# Task details:
Exactly the lines from the one containing "Nearly two thirds" through the end of the listing below are required, restated word for word and without pictures.

═══ Data provided

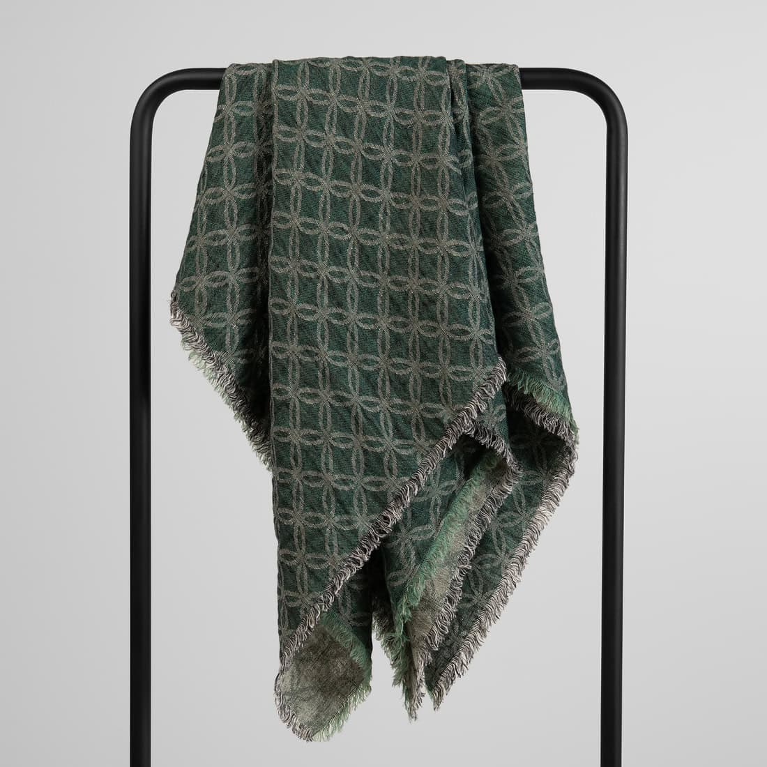 - Colour: mix of black, natural linen (undyed, brownish-grey), dark green-grey and dark green yarns
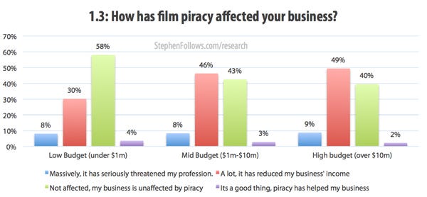 Nearly two thirds of those working on budgets under $1 million do not feel piracy has negatively affected their business.
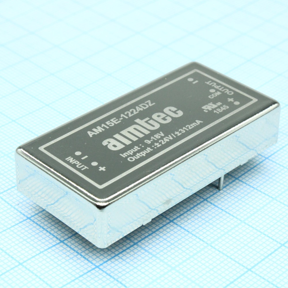 AM15E-1224DZ, DC/DC, 15Вт, вход 9…18В, выход ±24В/±0.31А, изоляция 1500В DC, КПД 85%, максимальная емкостная нагрузка не более ±220мкФ, 2x1", 50.8x25.4x10.16мм, -40…85°C, металл

══════

# Completed exercise:
 Nearly two thirds of those working on budgets under $1 million do not feel piracy has negatively affected their business.
 AM15E-1224DZ, DC/DC, 15Вт, вход 9…18В, выход ±24В/±0.31А, изоляция 1500В DC, КПД 85%, максимальная емкостная нагрузка не более ±220мкФ, 2x1", 50.8x25.4x10.16мм, -40…85°C, металл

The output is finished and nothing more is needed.